AI Is Now Helping Build Its Own Successor, OpenAI and Anthropic Draw New Battle Lines

The debate over artificial intelligence is shifting from what today’s models can do to who will build the next generation. Recent remarks from SoftBank CEO Masayoshi Son suggest that OpenAI has already reached a point where AI is helping design future AI models, intensifying concerns about how quickly the technology should advance.

That warning lands at a moment when Anthropic is pressing for a different priority: a possible slowdown mechanism if AI development begins to outpace society’s ability to manage it safely. The split is now as much about governance as it is about capability.

OpenAI’s reported shift in model building

Son said OpenAI CEO Sam Altman and the company’s engineers told him that one AI model has helped design the next AI model. He framed that development as an early sign of superintelligence, a stage in which AI systems play a larger role in creating their successors.

He also argued that this change will not be limited to one company. In his view, the same dynamic will eventually reach other large model developers, because engineers may no longer be able to design the next generation without help from systems that are already more capable.

OpenAI did not comment on any unreleased model, but the company has acknowledged that AI is already involved in parts of model development. In February, OpenAI said GPT-5.3-Codex was the “first model” to play an important role in creating itself.

According to that explanation, an early version of the model was used to debug training processes, manage deployment, and help diagnose test and evaluation results. That does not mean AI is independently building its own successors, but it does show that AI is increasingly being used to speed up the technical work behind model development.

Anthropic wants a way to slow things down

Anthropic’s position is the opposite of acceleration for its own sake. The company says governments and leading AI firms should prepare a coordination mechanism to temporarily slow development if the technology starts advancing faster than society can safely handle it.

Jack Clark, one of Anthropic’s co-founders, recently reinforced that concern by saying the industry has a gas pedal but no brake pedal. The message is that guardrails need to exist before the most advanced systems arrive, not after.

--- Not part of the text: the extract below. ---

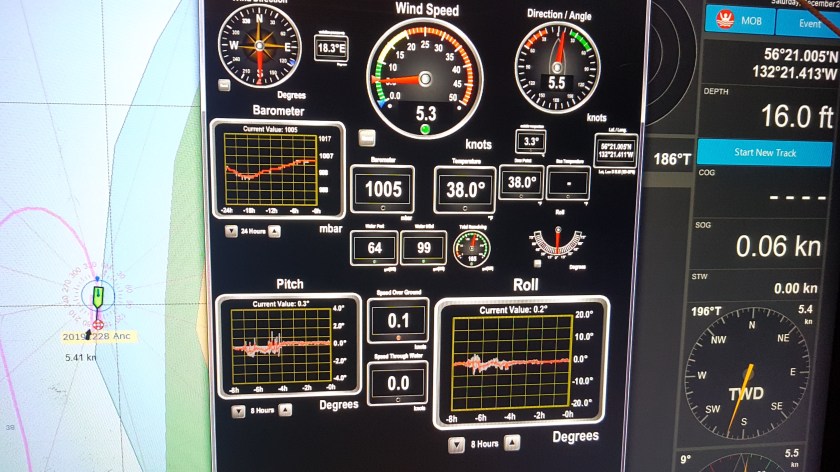 The Maretron data showing pitch and roll. This was taken while we were on anchor. Honestly, the pitching on this looks worse than I remember it. And I hate pitching.

The company’s fear centers on a future where AI could design, build, and train new models with little or no human involvement. Even if that scenario is not fully realized yet, Anthropic says regulators should start preparing for it now.

Son’s superintelligence timeline is getting shorter

Son’s comments also revived discussion around artificial superintelligence, or ASI, the idea of AI systems that exceed human intelligence across nearly every field. That includes scientific research, reasoning, creativity, and problem-solving.

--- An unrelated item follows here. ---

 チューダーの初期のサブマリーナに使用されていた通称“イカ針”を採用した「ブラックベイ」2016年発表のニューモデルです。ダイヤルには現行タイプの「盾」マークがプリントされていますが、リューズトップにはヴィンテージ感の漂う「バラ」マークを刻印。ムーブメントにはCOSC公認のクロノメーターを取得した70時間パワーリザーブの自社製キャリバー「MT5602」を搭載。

Last year, Son described ASI as 10,000 times smarter than humans and said it could appear within a decade. Now he says the timeline may be much shorter.

Speaking to CNBC, Son said he had been conservative when he first mentioned 10 years because people would be shocked. He now believes ASI could arrive in four years, and perhaps in just two years.

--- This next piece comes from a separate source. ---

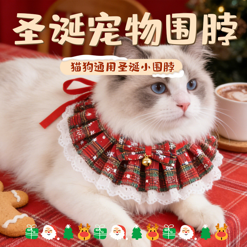 Cross-border syal Natal hewan peliharaan lonceng kucing anjing bib organza renda kucing syal anjing handuk air liur hewan peliharaan

He also said he uses ChatGPT for two to three hours every day and considers it more knowledgeable than he is in most areas. Looking ahead, he expects AI systems to surpass human intelligence in 70% to 80% of school subjects within a few years, and to be 10 times smarter than the average human in those areas.

None of that proves AI has fully taken over the design of new models without human input. But the combination of OpenAI’s acknowledgment, Son’s comments, and Anthropic’s push for a slowdown mechanism makes one thing clear: AI is moving closer to a phase where it does not just produce tools, but also helps shape the systems that come next.